Once all possible assignments for a given cluster are identified, each possibility is scored to determine the quality of the hydrogen-bond network (among the species in the cluster itself as well as with the surrounding environment). The nature of the scoring function is loosely based on simple electrostatic considerations. The intent is to score the existence of hydrogen-bonding networks, rather than estimate the actual electrostatic energy of the system.
-
Hydrogen-Bond Scoring: The core of the scoring function involves an evaluation of the quality of the hydrogen-bonding network.

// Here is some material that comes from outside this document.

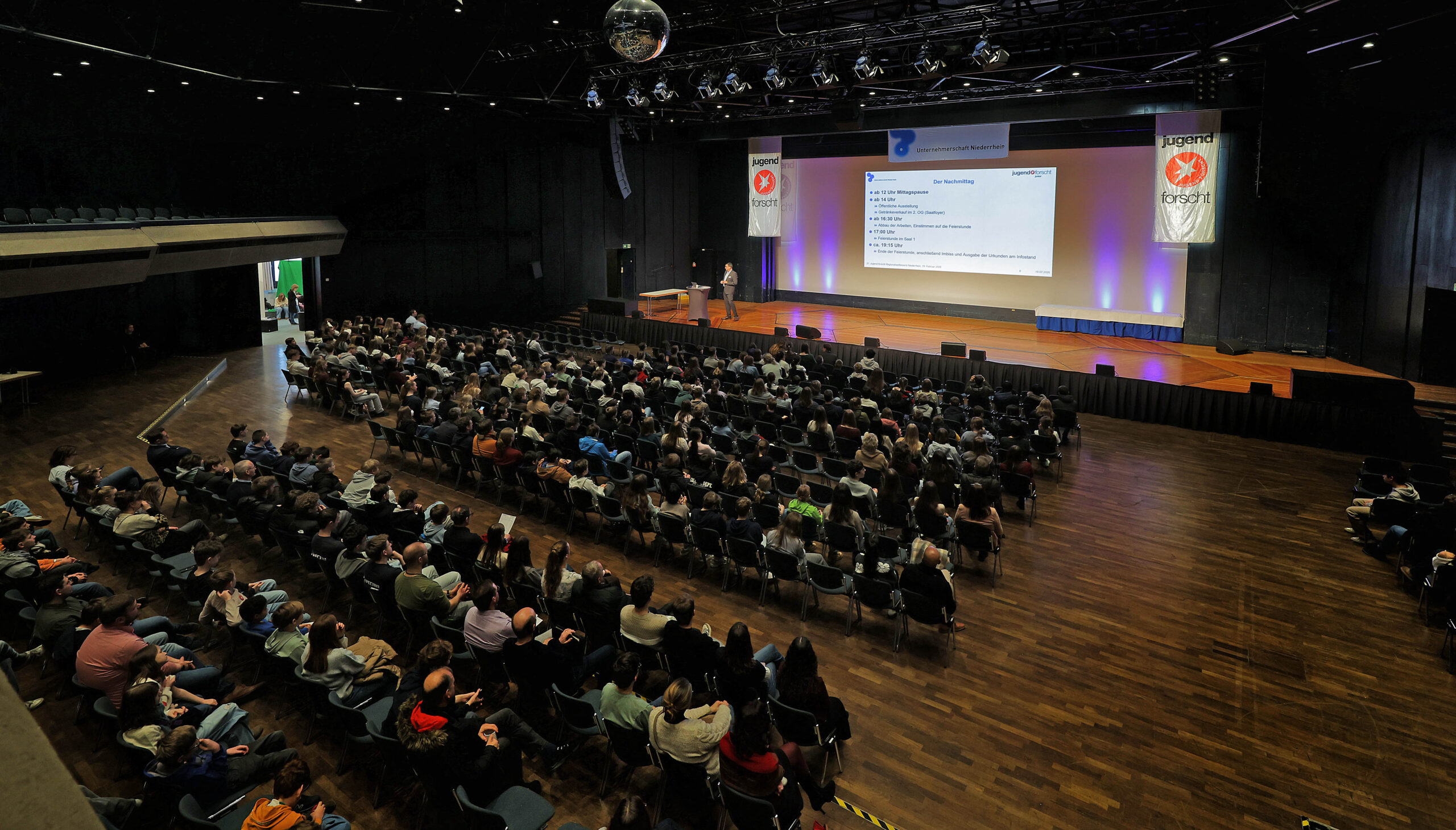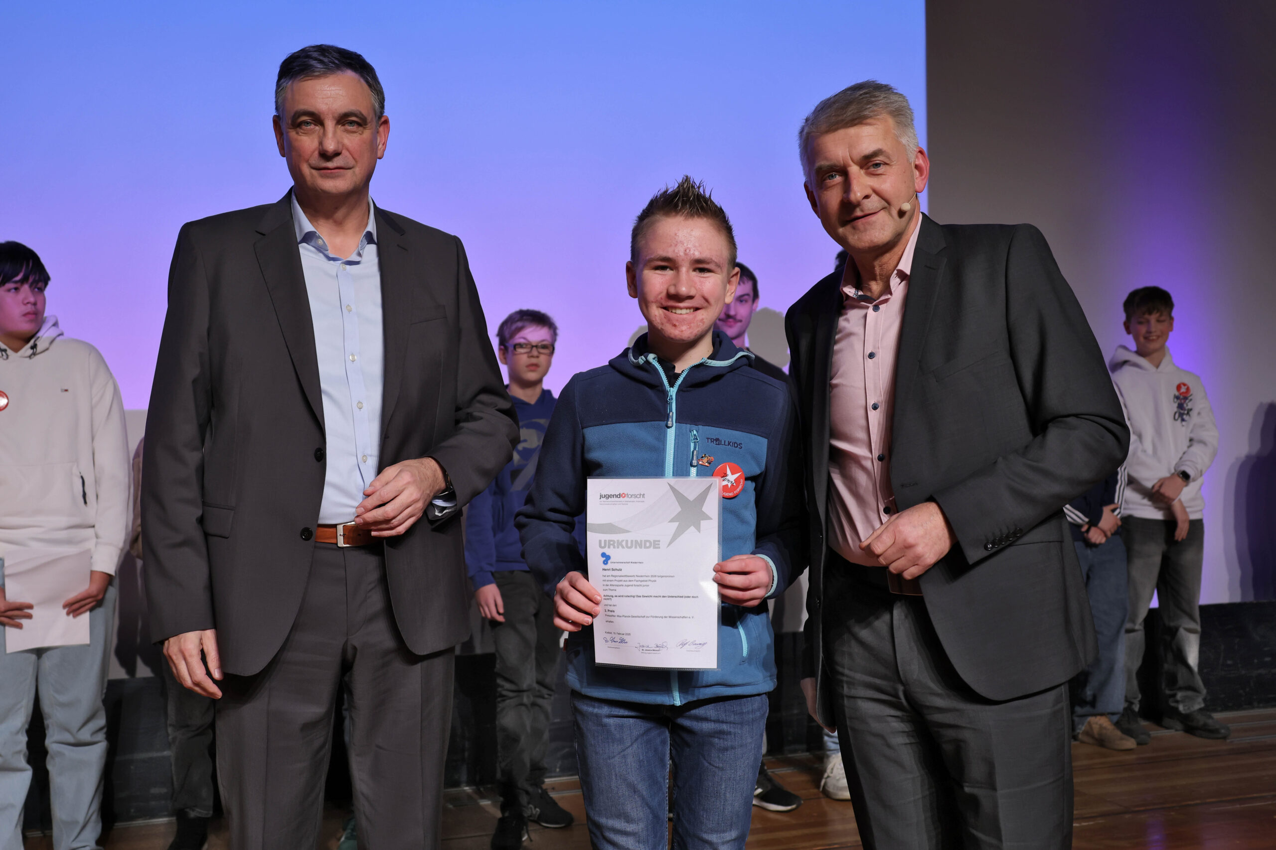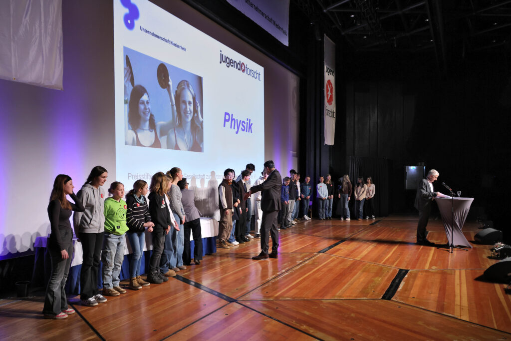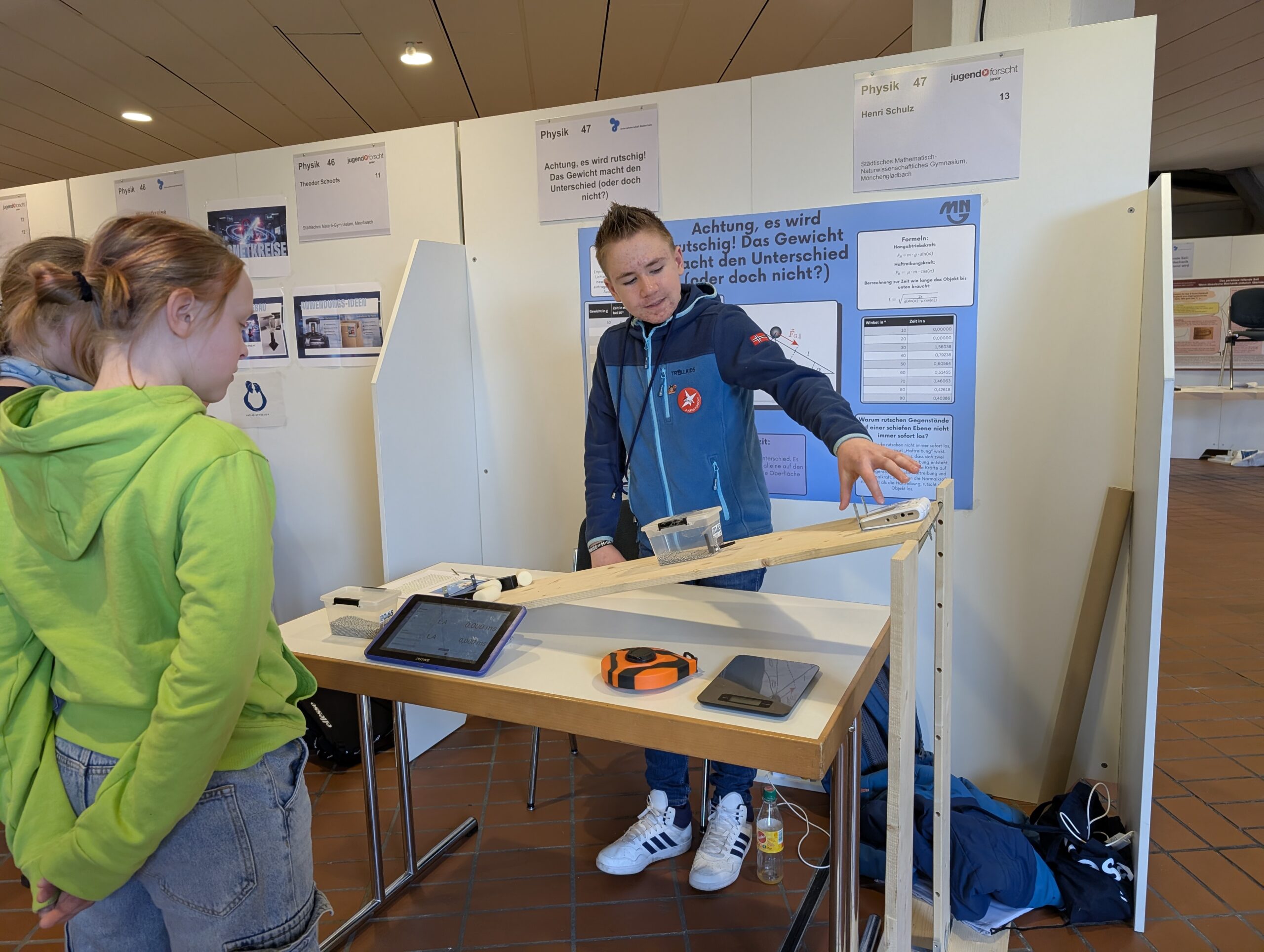 Am 19.02.26 fand zum 31.-mal der Jugend forscht Regionalwettbewerb in Krefeld statt. Henri Schulz (8a) hat sich mit seinem Projekt „Achtung, es wird rutschig! Das Gewicht macht den Unterschied (oder doch nicht?)“ erfolgreich qualifiziert. Dabei hat er unter anderem den Einfluss der Masse beim Herabrutschen eines Berges untersucht. Am Wettbewerbstag hat er die Jury mit seiner selbstkonstruierten schiefen Ebene, seinen ausgewerteten Daten und der Erkenntnis, dass sein Vater lediglich eine bessere Rutschtechnik beim Wettrutschen haben müsse, überzeugt. Auch unser Oberbürgermeister Felix Heinrichs folgte interessiert Henris Erkenntnissen und ließ sich ausführlich Henris Projektverlauf darstellen.

In addition to identifying the number of hydrogen-bonds created, the quality of those bonds are also taken into account based on their geometries relative to an idealized hydrogen-bond.
-
Hydrogen Clash Penalty: Assignments that place two polar hydrogen atoms too close to one another are given a high enough penalty to effectively eliminate them from consideration. The actual distance varies with the type of hydrogen.
-
Protonation Reward/Penalty: The protonation penalty for unlikely protonation states is determined from the pKa as predicted by PROPKA. If this program is not used, the following set of rules determine the protonation. A histidine residue is ruled to be protonated if it is either in close proximity to a negatively charged species, or if both its delta and epsilon nitrogens are in close proximity to hydrogen bond acceptors. Similarly, aspartic and glutamic acid residues are ruled to be neutralized if one or both of their carboxylate oxygens are in close proximity to a hydrogen bond acceptor.